What to do:
Go to the line with "22日上午,早春的阳光和煦明" in the entries below and write out every line from there through the line with "Simple Wing prop", exactly and without pictures.

Recorded data:
↓↓↓
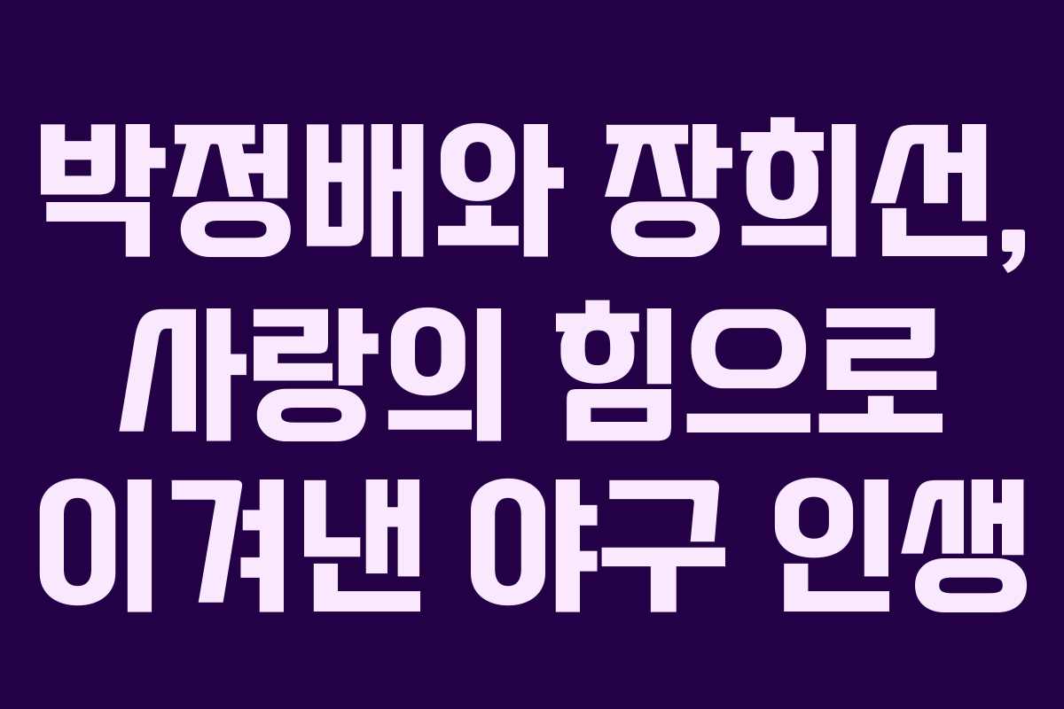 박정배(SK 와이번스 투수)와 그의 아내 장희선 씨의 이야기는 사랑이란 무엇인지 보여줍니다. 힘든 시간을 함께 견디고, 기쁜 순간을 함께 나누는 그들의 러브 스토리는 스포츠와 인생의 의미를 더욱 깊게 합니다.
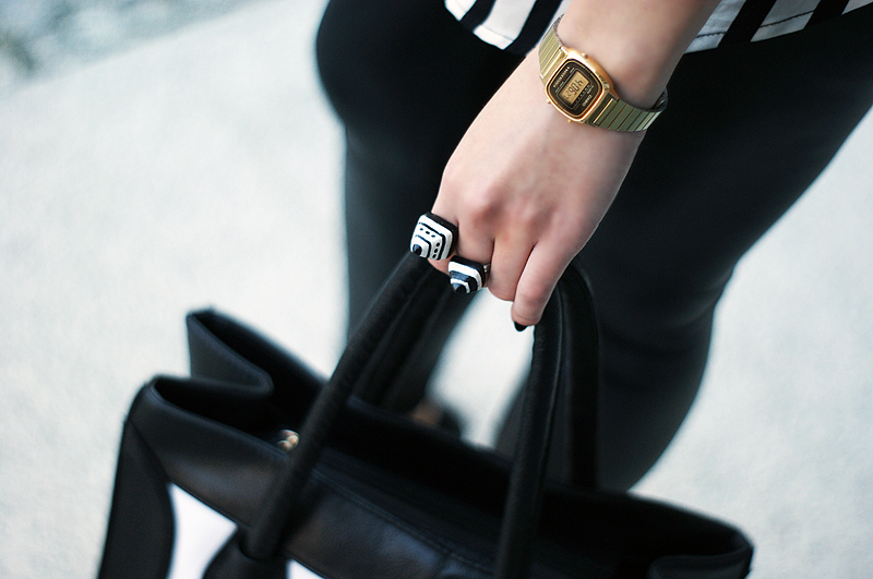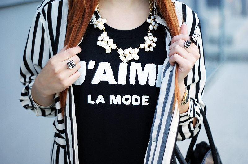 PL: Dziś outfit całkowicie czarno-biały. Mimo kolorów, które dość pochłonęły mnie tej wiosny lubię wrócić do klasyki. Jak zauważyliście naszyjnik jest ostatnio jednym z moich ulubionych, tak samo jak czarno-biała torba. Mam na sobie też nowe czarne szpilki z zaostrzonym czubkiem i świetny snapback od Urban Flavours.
↑↑↑
↓↓↓
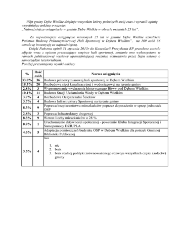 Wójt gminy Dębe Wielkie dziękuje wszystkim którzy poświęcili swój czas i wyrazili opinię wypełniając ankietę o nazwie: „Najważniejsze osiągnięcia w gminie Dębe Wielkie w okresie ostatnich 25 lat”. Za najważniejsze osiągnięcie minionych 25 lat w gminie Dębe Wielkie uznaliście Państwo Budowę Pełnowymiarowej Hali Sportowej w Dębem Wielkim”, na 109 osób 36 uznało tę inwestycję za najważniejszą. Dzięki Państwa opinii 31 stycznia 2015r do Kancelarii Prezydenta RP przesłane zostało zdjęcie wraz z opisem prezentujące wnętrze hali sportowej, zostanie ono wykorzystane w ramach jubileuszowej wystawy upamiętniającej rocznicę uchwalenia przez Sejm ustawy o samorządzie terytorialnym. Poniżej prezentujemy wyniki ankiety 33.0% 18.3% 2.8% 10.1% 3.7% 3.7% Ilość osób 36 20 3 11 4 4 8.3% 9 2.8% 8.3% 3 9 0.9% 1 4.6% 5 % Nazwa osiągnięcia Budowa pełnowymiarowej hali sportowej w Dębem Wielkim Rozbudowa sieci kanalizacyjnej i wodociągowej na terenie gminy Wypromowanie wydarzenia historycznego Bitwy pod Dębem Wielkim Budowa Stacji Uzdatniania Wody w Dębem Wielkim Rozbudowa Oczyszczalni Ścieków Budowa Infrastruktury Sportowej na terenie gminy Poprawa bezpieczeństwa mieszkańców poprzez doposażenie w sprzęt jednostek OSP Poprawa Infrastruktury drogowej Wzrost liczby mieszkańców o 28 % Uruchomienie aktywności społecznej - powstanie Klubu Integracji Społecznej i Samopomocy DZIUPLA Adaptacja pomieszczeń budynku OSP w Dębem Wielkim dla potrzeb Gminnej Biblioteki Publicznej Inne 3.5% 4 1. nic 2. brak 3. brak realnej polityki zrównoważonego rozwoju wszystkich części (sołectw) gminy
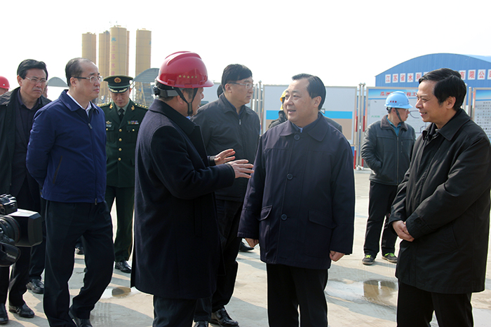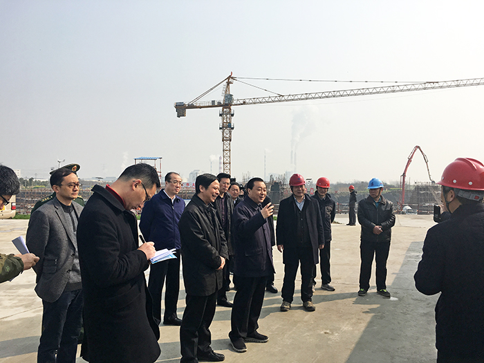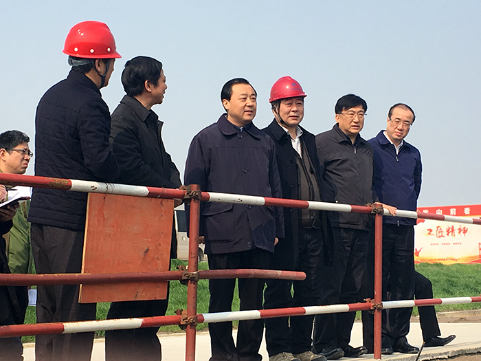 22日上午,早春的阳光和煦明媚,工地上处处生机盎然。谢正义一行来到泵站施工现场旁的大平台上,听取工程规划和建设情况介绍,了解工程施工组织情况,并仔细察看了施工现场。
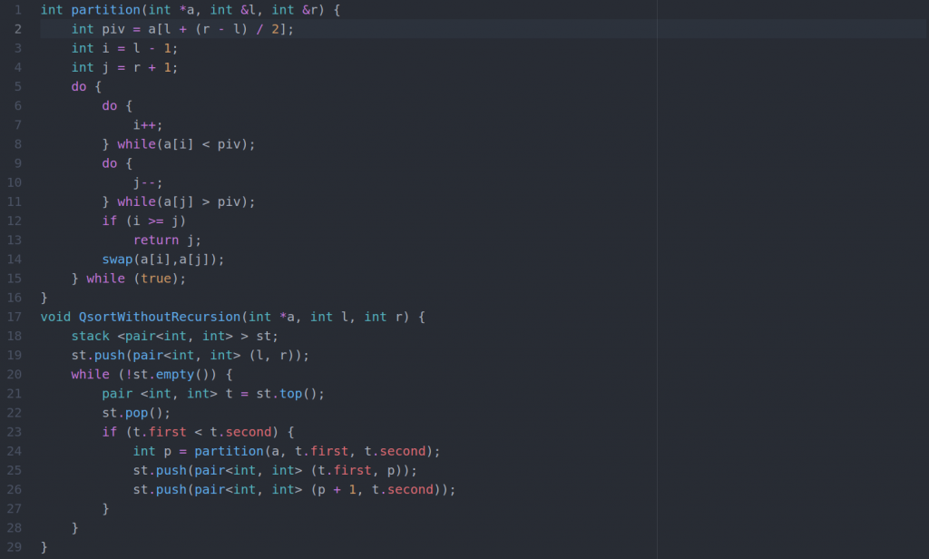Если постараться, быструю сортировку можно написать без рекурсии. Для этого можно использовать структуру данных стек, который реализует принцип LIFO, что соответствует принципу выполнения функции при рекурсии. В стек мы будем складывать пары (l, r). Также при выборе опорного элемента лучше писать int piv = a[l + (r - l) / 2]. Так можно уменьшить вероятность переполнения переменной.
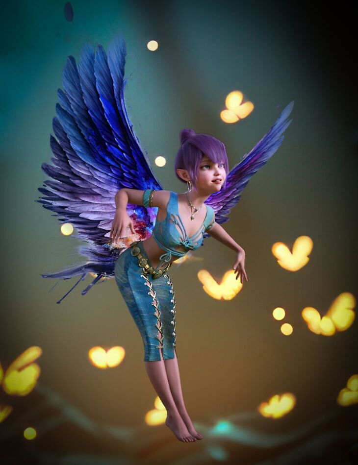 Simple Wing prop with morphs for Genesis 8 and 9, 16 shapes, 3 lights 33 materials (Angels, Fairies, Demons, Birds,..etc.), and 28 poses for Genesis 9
↑↑↑
Solution for this task:
 22日上午,早春的阳光和煦明媚,工地上处处生机盎然。谢正义一行来到泵站施工现场旁的大平台上,听取工程规划和建设情况介绍,了解工程施工组织情况,并仔细察看了施工现场。
Если постараться, быструю сортировку можно написать без рекурсии. Для этого можно использовать структуру данных стек, который реализует принцип LIFO, что соответствует принципу выполнения функции при рекурсии. В стек мы будем складывать пары (l, r). Также при выборе опорного элемента лучше писать int piv = a[l + (r - l) / 2]. Так можно уменьшить вероятность переполнения переменной.
 Simple Wing prop with morphs for Genesis 8 and 9, 16 shapes, 3 lights 33 materials (Angels, Fairies, Demons, Birds,..etc.), and 28 poses for Genesis 9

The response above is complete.